__Instructions for the task__
Your task is to write out every line of the data exactly. Drop the pictures.

__Dataset excerpt__

********

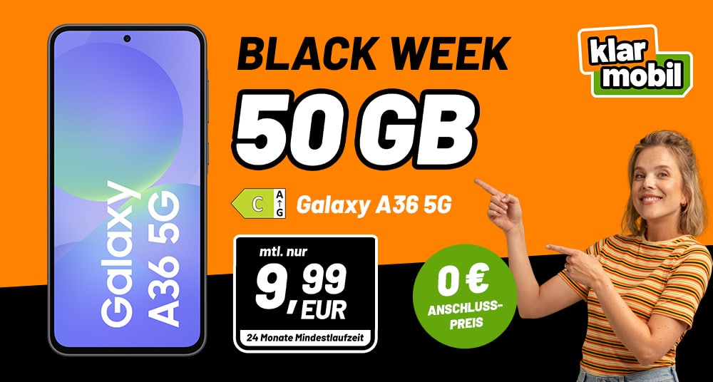 [Vodafone + 5G] Samsung Galaxy A36 für 9,99€ + Klarmobil Allnet mit 50GB 5G für 9,99€ mtl. (keine AG!)
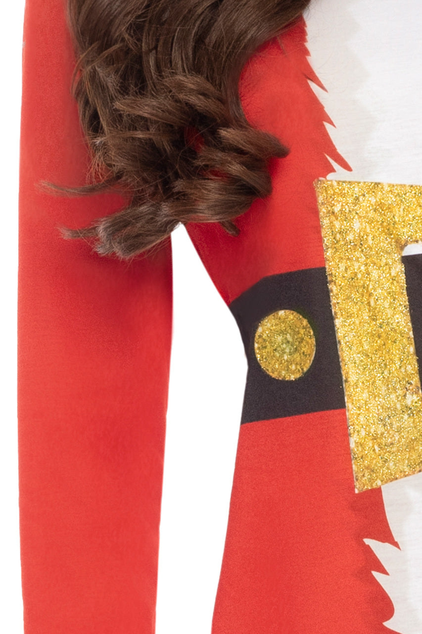 This red Santa dress features long sleeves, attached hood and Santa coat pattern.
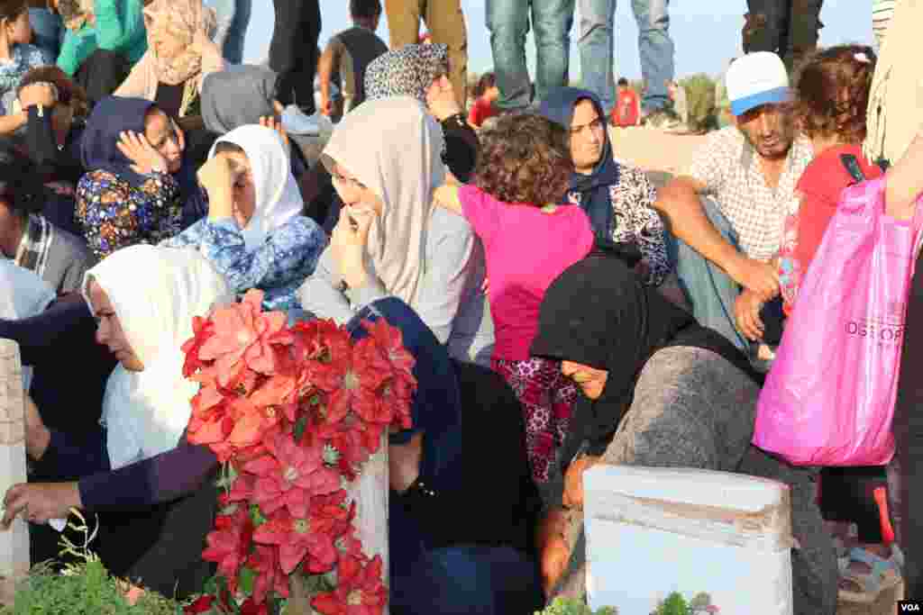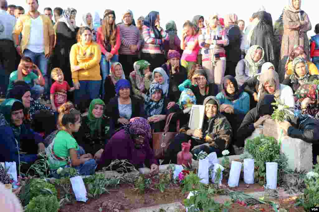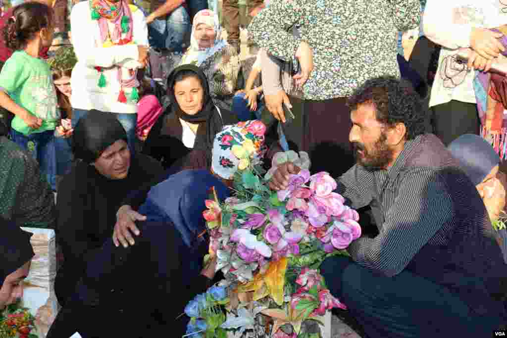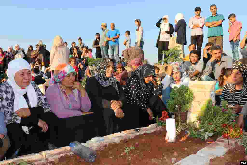 ئاوارەکانی خەڵکی عەفرین کە لە ناوچەی شەهبا لە کەمپی ئاوارەیەتیدا ژیان بەسەر دەبەن، ڕۆژی سێشەممە ڕێکەوتی 21 ی مانگی هەشتی ساڵی 2018 کە یەکەم ڕۆژی جەژن بوو ڕوویان لە گۆڕستانی شەهبا کرد.
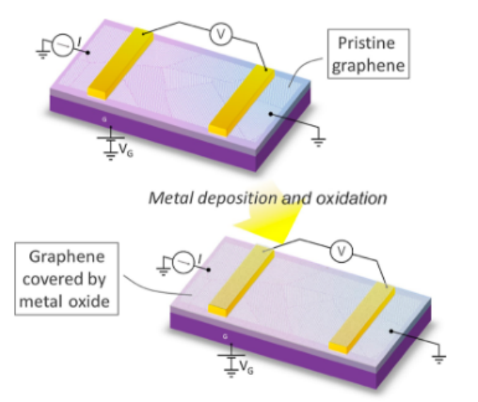 圖 1. 石墨烯場效應器件在 Al/Ti 沉積和氧化前后的實驗方案。

********

__Answer section__
 [Vodafone + 5G] Samsung Galaxy A36 für 9,99€ + Klarmobil Allnet mit 50GB 5G für 9,99€ mtl. (keine AG!)
 This red Santa dress features long sleeves, attached hood and Santa coat pattern.
 ئاوارەکانی خەڵکی عەفرین کە لە ناوچەی شەهبا لە کەمپی ئاوارەیەتیدا ژیان بەسەر دەبەن، ڕۆژی سێشەممە ڕێکەوتی 21 ی مانگی هەشتی ساڵی 2018 کە یەکەم ڕۆژی جەژن بوو ڕوویان لە گۆڕستانی شەهبا کرد.
 圖 1. 石墨烯場效應器件在 Al/Ti 沉積和氧化前后的實驗方案。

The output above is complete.